Materials and methods

This prospective study was approved by our local institutional review board (NL46146.041.13). Inclusion criteria were: patient age of ≥40 years and a scheduled unenhanced abdominal CT for follow-up of urolithiasis. Patients with concomitant participation in another study with x-ray exposure were excluded. All patients were informed about the additional radiation exposure and provided written informed consent. Gender, age, height and weight of all patients were recorded. Twenty patients were included between April 2014 and October 2015.

CT acquisition

All acquisitions were performed on a 256-slice CT system (Brilliance iCT, Philips Healthcare, Best, The Netherlands). The routine dose acquisition was followed by three low-dose acquisitions with the same scan length during the same session. A tube voltage of 120 kVp was used for all acquisitions. To create different dose levels, the tube current was lowered. All patients were imaged with automatic exposure control using a reference of 100 mAs (routine dose) and 60, 40 and 20 mAs (reduced dose levels), respectively. The pitch was 0.915 with a rotation time of 0.4 s. Slices were reconstructed with a thickness of 0.9 mm and increment of 0.7 mm for all measurements. All acquisitions were reconstructed with filtered back projection (FBP), HIR (iDose4 level 4, Philips Healthcare) and MIR (IMR level 2, Philips Healthcare). The routinely used kernel B was used for FBP and iDose4 reconstructions. IMR has three groups of kernels, namely Body Soft Tissue, Body Routine and Body SharpPlus [11]. Both Body Soft Tissue and Body Routine are recommended by the vendor for soft tissue evaluation, and were therefore both used. Dose length product (DLP) and volumetric CT dose index (CTDIvol) were recorded for each scan. The effective dose was calculated by multiplying the DLP with the conversion factor for 120 kV abdominal acquisitions (0.0153 mSv/(mGy×cm)) [12].

Image evaluation

All FBP acquisitions at routine dose were assessed to set the reference for the number and location of the stones. Urolithiasis was classified as stones (kidney, ureter or bladder), papillary calcifications or parenchymal calcifications. The reference evaluation was done by a certified board radiologist (PJ) with over 10 years of experience in abdominal radiology. This radiologist was not an observer in the current study. The maximal size of all stones was measured in three planes (transversal, coronal and sagittal) using the routine dose acquisition reconstructed with FBP and the average maximal diameter was calculated [13]. Subsequently, two observers (FW and PD) with more than 5 years of experience in abdominal radiology assessed the number of stones on all acquisitions and reconstructions.

Subjective image quality was assessed by the same two observers who were blinded for patient characteristics, acquisition and reconstruction information, and images were evaluated in randomised order. Overall image quality was scored using a 4-point Likert scale:

  • Score 1: poor image quality – not diagnostically acceptable for interpretation;

  • Score 2: suboptimal image quality – partially non-diagnostic;

  • Score 3: acceptable image quality – diagnostic interpretation possible;

  • Score 4: excellent image quality.

A score of 1–2 was considered unacceptable. One patient was used as a test case and used for training in a consensus meeting. Because it is important to be able to diagnose extra-urinary tract pathology, several other aspects were scored as well. Observers were asked to assess if there was a prior cholecystectomy, or, if the gall bladder was still present, it was assessed for the presence stones or wall thickening, or whether these could have been visualized if present. The maximal infra-renal diameter of the aorta was assessed in the anterior-posterior direction for abdominal aneurysm evaluation. The sigmoid and appendix were evaluated to see if there were signs of diverticulitis or appendicitis, or whether these could have been visualized if present. The maximal width of the body of the adrenal gland was assessed on the transversal plane, and the average Hounsfield unit (HU) was derived by drawing a circular region of interest (ROI) as large as possible.
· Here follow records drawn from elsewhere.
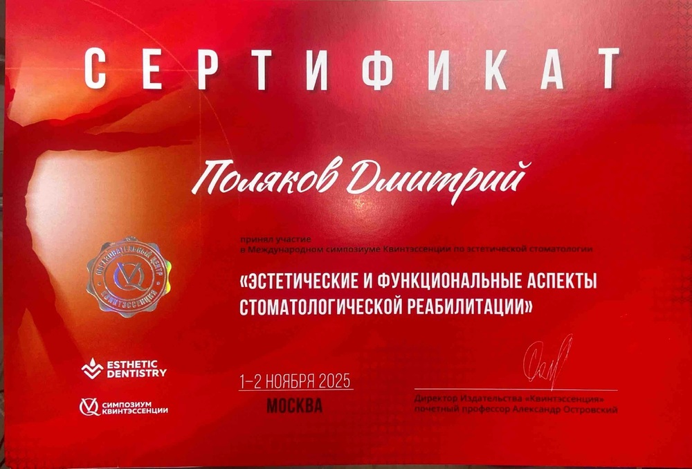 2015 - Аспирантура по специальности ортопедическая стоматология, Московский государственный медико-стоматологический университет.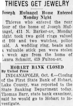 THIEVES GET JEWELRY Joseph Hufnagel Home Entered Monday Night Thieves who entered the rear door of the home of Joseph Hufnagel, 411 N. Barker-av, Monday night took two gold rings valued at $60 watches, police said. wedding ring. beads and valuable stick pen were stolen week ago from the home of Laura Schmitt, 419 Fulton-av. BANK CLOSED By Oct. -Closing of the First State Bank of Hobart, Lake County, was reported to the State Banking Department today. Thomas Barr, state examiner, said he would go to Hobart to investigate.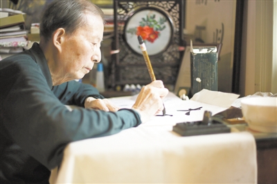 2013年6月,袁运开在师大一村寓所为华东师范大学大夏学术网题字。 吕安琪摄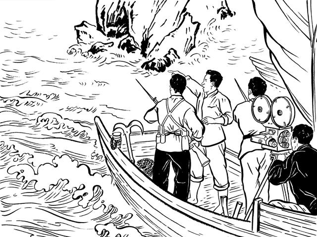 53. 六月的一天,洪顺利告诉张加毅导演:发现海上有三个水鬼向小嶝游过来,准备前去抓捕,想不想冒险去拍摄?张加毅作为一名战地记者,又是从中国革命圣地延安走出来的老八路,毅然率领摄影师跟着洪顺利上船出海,埋伏在一块大礁石后面。

Objective image quality was measured by drawing a circular ROI in the renal cortex (both left and right), aorta, retroperitoneal fat and air in the bowel. Noise was defined as the standard deviation (SD) of the HU measurement in the ROI.

Statistical analysis

Statistical analyses were performed using SPSS (version 20.0, IBM, New York, USA). The test case was excluded from further analysis. FBP at routine dose was used as a reference standard, and all data were compared to the reference standard. To assess the subjective overall image quality the scores of the two observers were averaged. Also, the number of unacceptable scans (score 1 or 2) was calculated per observer. Sensitivity for the detection of stones was calculated by dividing the number of correctly identified stones by the total number of stones and multiplying this number by 100%. The sensitivity as well as the number of false positives was calculated both on a patient level and overall. In the per-patient level analysis, the number of false positives and the sensitivity were calculated for each patient separately. Therefore, missing a stone in a patient with only 1 stone will have a heavier weight than missing a stone in a patient with multiple stones. In the overall analysis the total number of false positives for all patients combined was calculated per observer, as well as the overall sensitivity. In this analysis, each stone has an equal weight.

Data were compared using the Friedman test and post-hoc analyses were performed using the Wilcoxon signed rank test. A p-value below 0.05 was considered significant. For the post-hoc tests a Bonferroni corrected p-value of 0.0125 was used. Values are presented as medians (interquartile range, IQR) unless stated otherwise.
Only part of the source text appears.